Additionally, if the load misses the LI STQ 102, and the L2 CT 104 does not have 
a matching address, the data may be forwarded to the load. 
[00031] According to some embodiments, a memory dependence predictor 
(MDP) may be used to identify loads that if allowed to issue in the presence of an 
unknown address would result in a memory ordering violation and thus, would 
require re-execution. As processors employing very large instruction windows 
face an increased misprediction penalty, the MDP may focus on minimizing load- 
store dependence violations. The following is an example of the MDP, which 
may be implemented within the L2 CT 104 or within the speculative data cache 
114. 

[00032] In one embodiment of the present invention, the predictor performs 
operations based upon the notion of a store-distance of a load computed as the 
number of store queue entries between the load and its forwarding store.
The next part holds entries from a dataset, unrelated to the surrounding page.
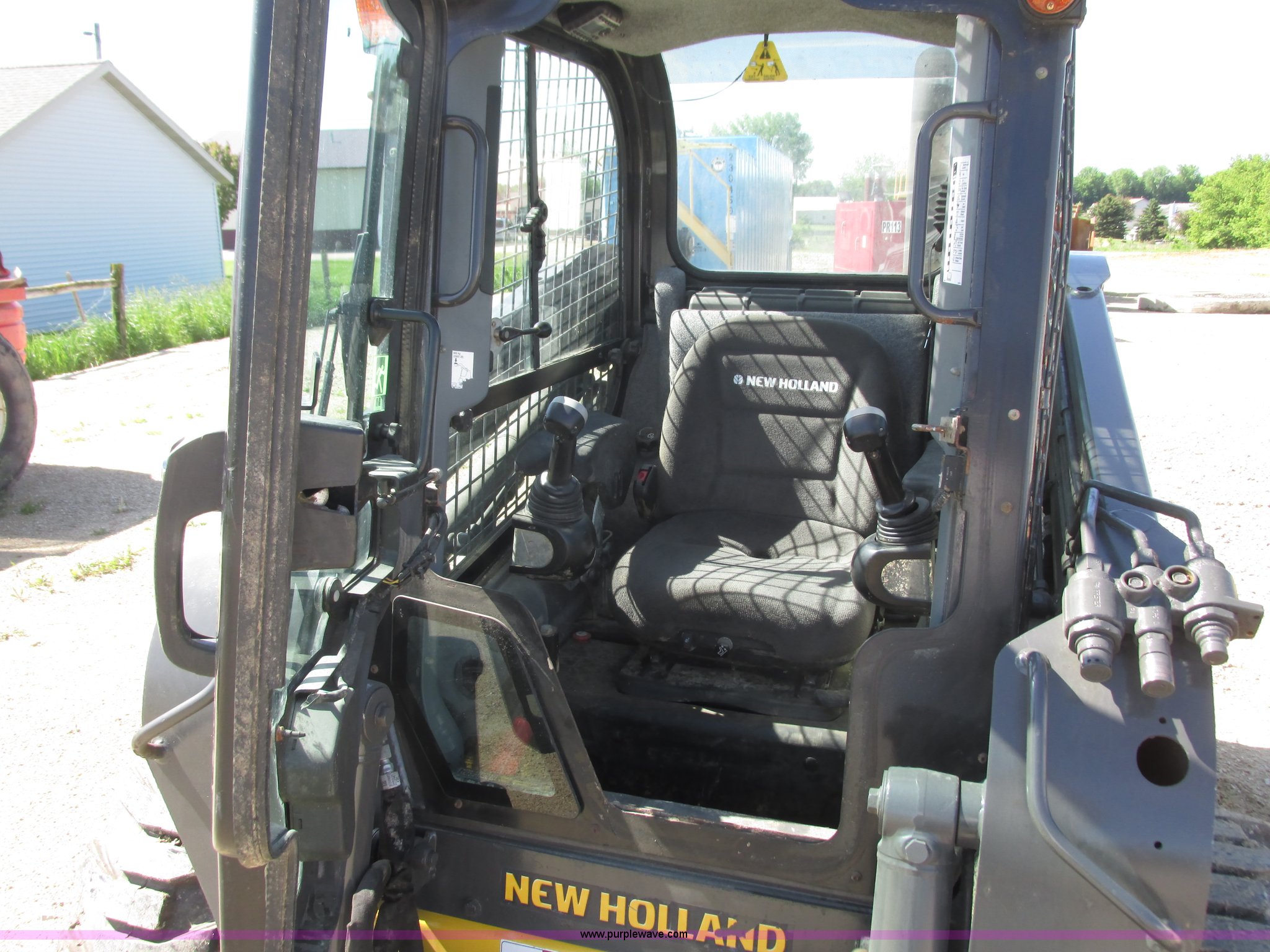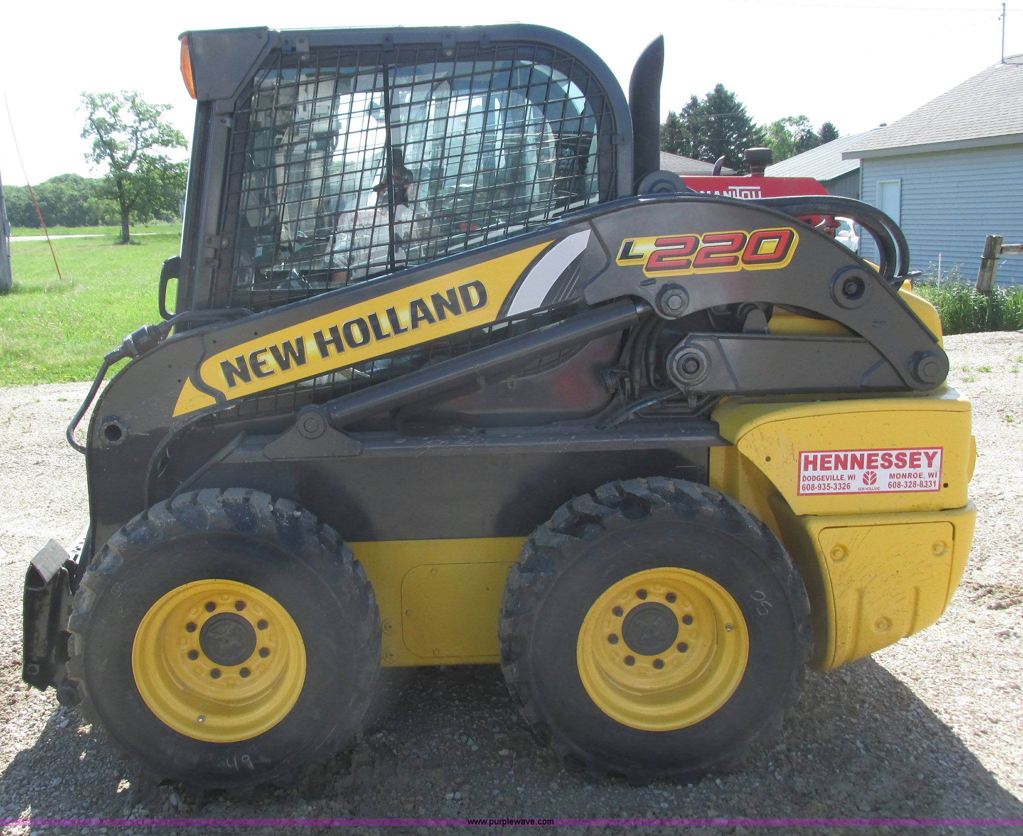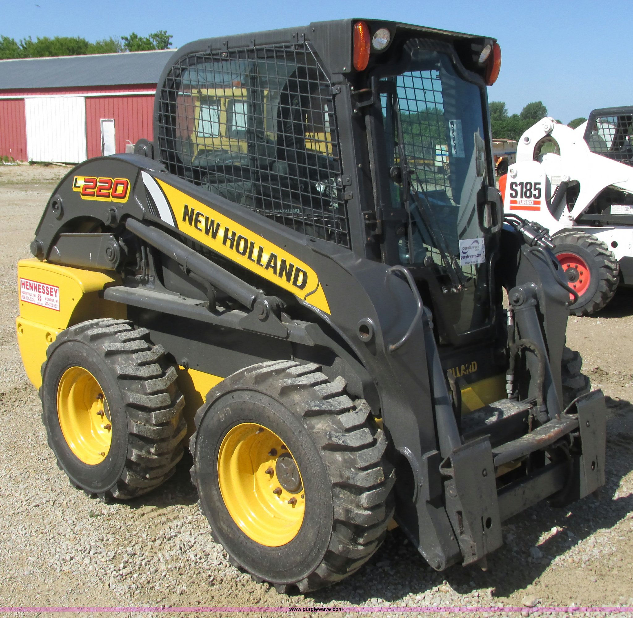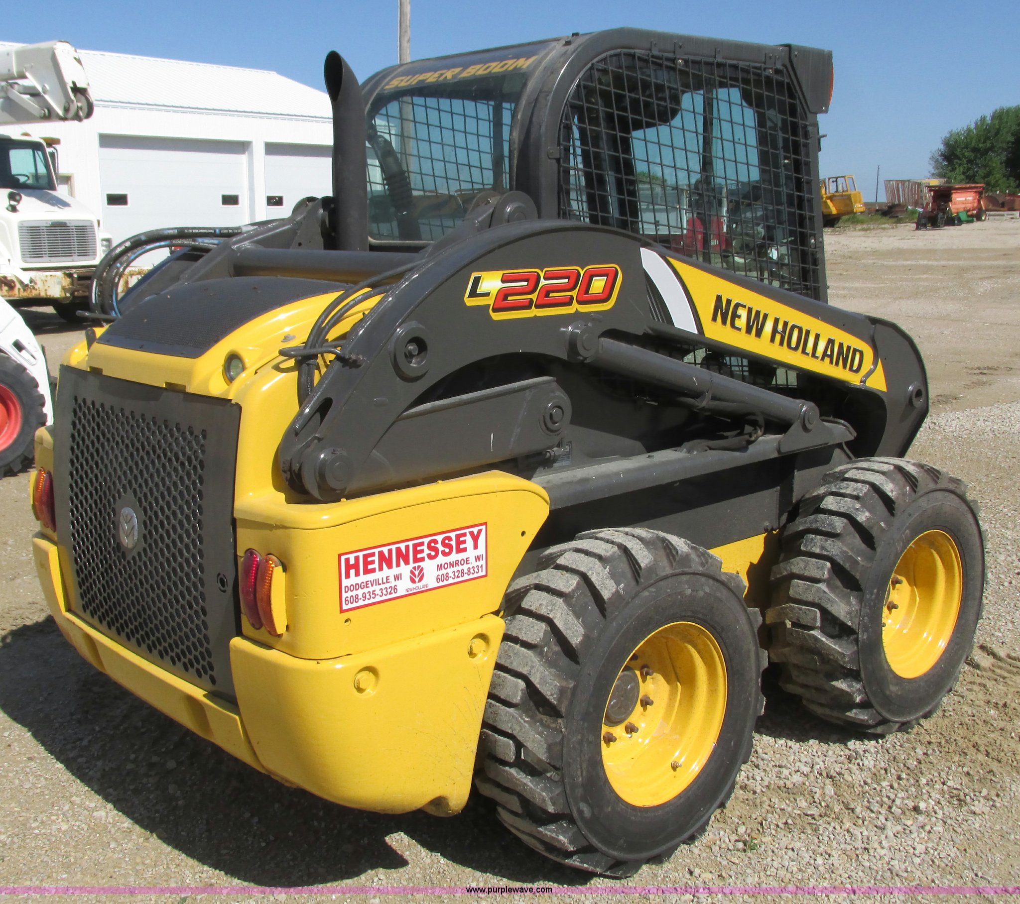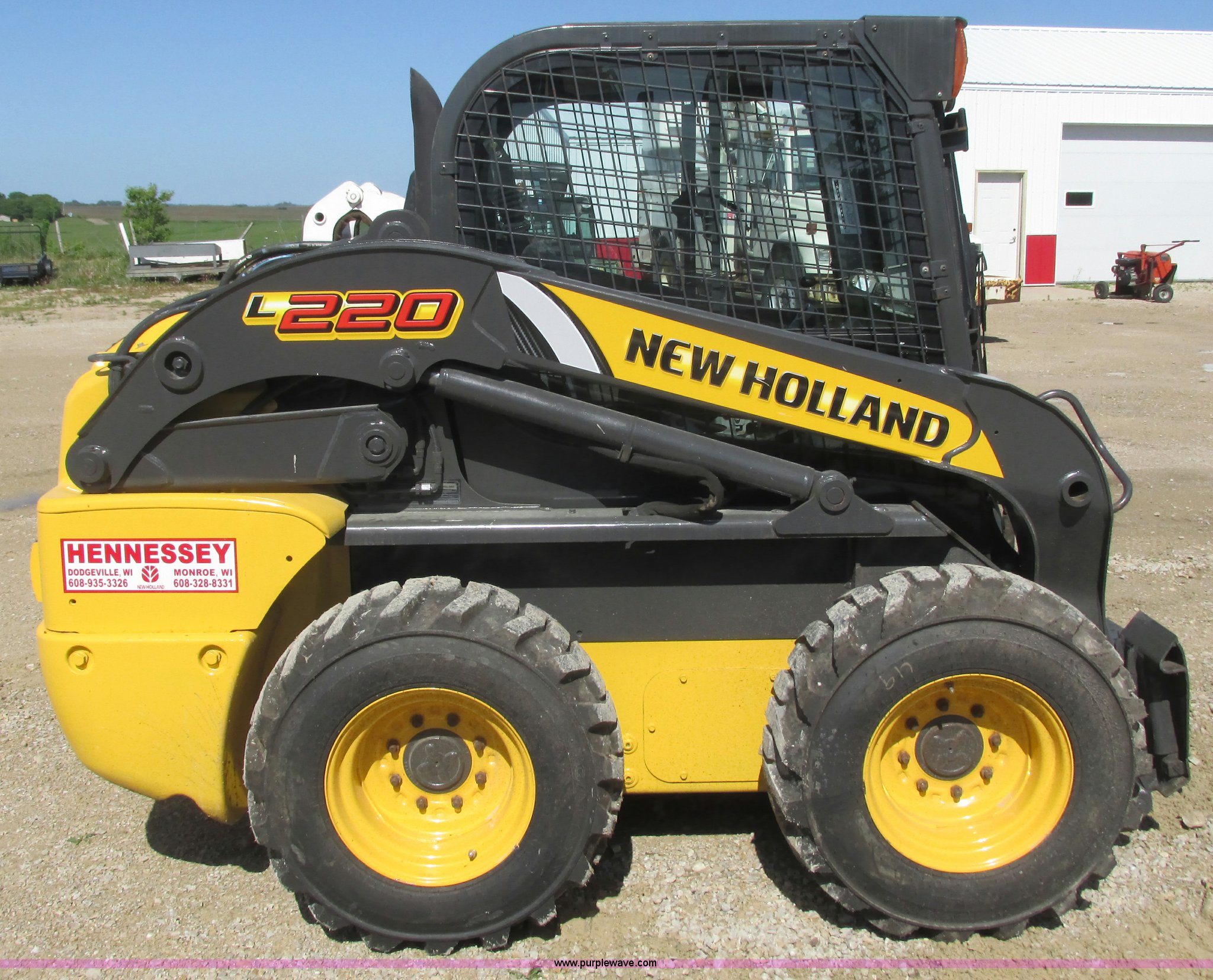 Purple Wave is selling a used Skid Steer Loader in Minnesota. This item is a 2013 New Holland L220 skid steer with the following: 4,686 hours on meter, Four cylinder diesel engine, Two speed hydrostatic transmission, Enclosed cab, AC and heat, AM/FM, Joystick controls, Pattern changer, Air suspension seat, Seat heater, Wipers, Front and rear work lights, Backup alarm, Auxiliary hydraulics, 12 x 16.5 tires, Serial JAF0LZZ0PDM775160
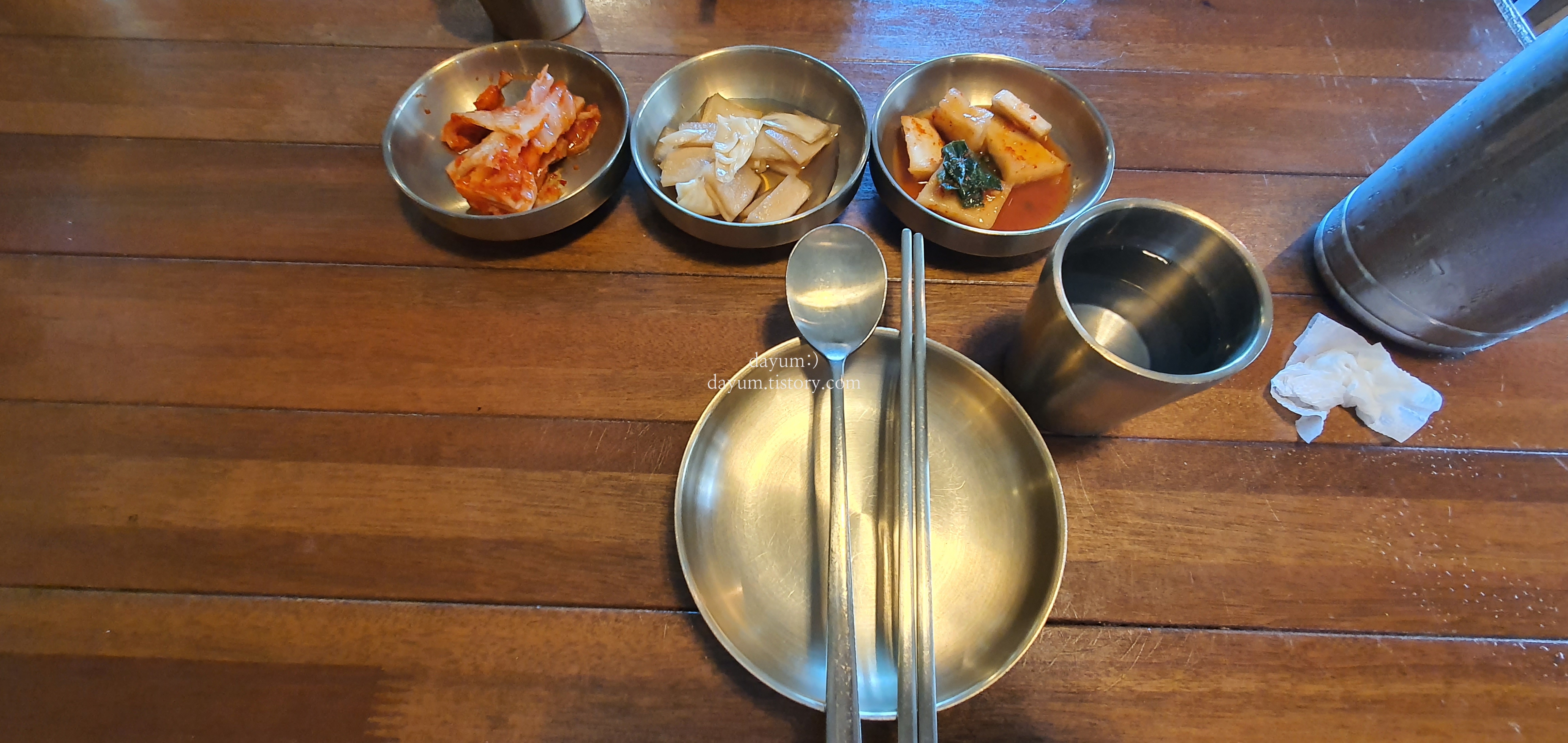 기본 반찬을 가져다준 로봇, 가운데에 양배추무피클?절임? 맛있다.
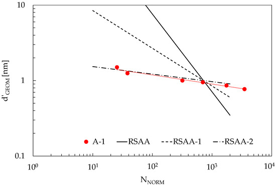 Values for d’GEOM obtained from different power laws, together with the trend of A-1 already reported in Figure 9b.
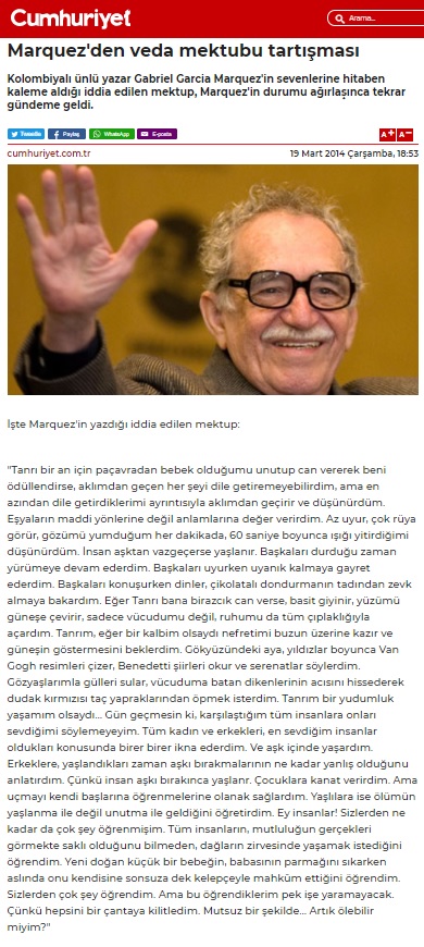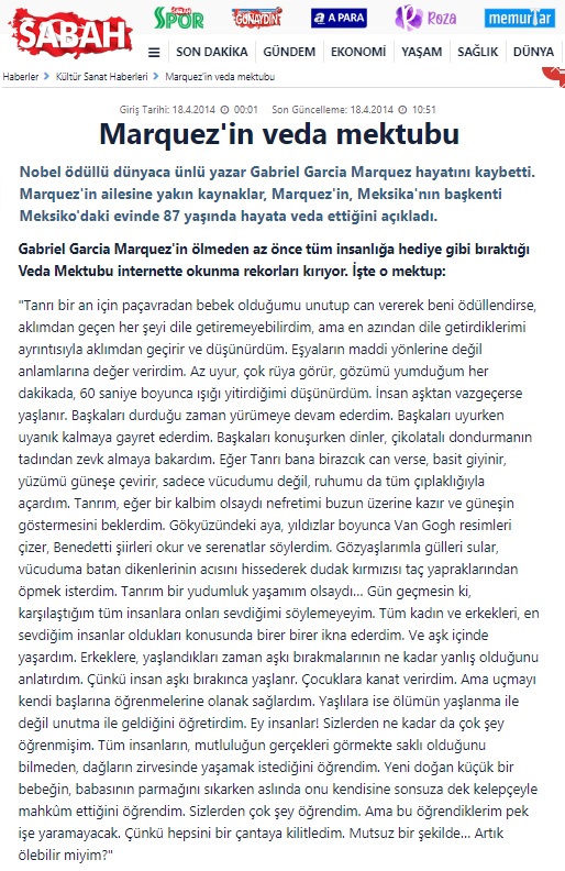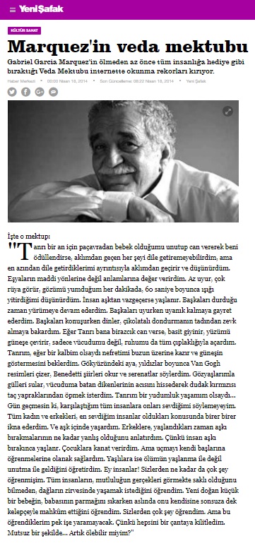- Can Ertan – Bursahaber.com – “Marquez’in veda mektubu” – 9 Nisan 2014
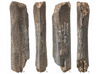 一块大约4英寸长(10.6厘米)的熊骨头上有尼安德特人留下的切割痕迹,这是一幅不同...
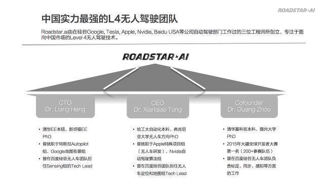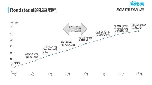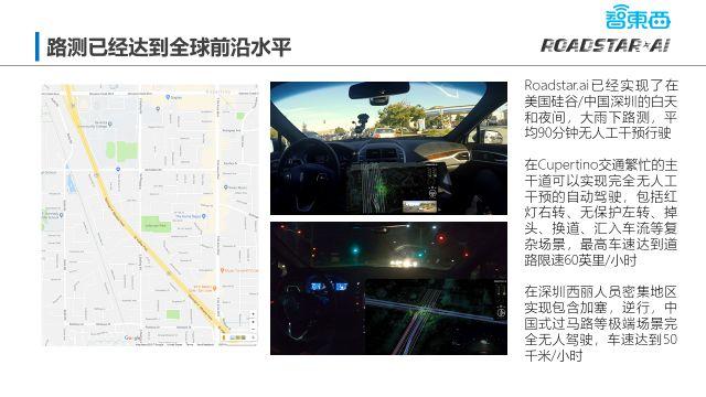 这是Roadstar的发展历程。从去年5月份成立到今天还不到一年时间,Roadstar就实现了在中美两地最复杂路况上的测试,而且我们是采用一个完全不同于第一代无人驾驶的解决方案。
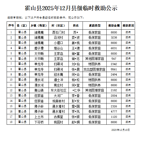 | 名 称: | 霍山县民政局2025年12月临时救助审批信息列表 |

To 
reduce aliasing and allow for forwarding from different instances of the same 
store at varying store-distances from the load, the L2 CT 104 stores one or more 
of the store-distances in a non-tagged array that may be indexed by the load 
instruction address. Thus, based at least on the embodiments described above, a 
load may be stalled if the distance from a load to a current unresolved store 
address matches a distance value stored in the array. 

[00033] In accordance with the above-described embodiments, the present 
invention is now illustrated with respect to Figs. 5A, 5B and 6.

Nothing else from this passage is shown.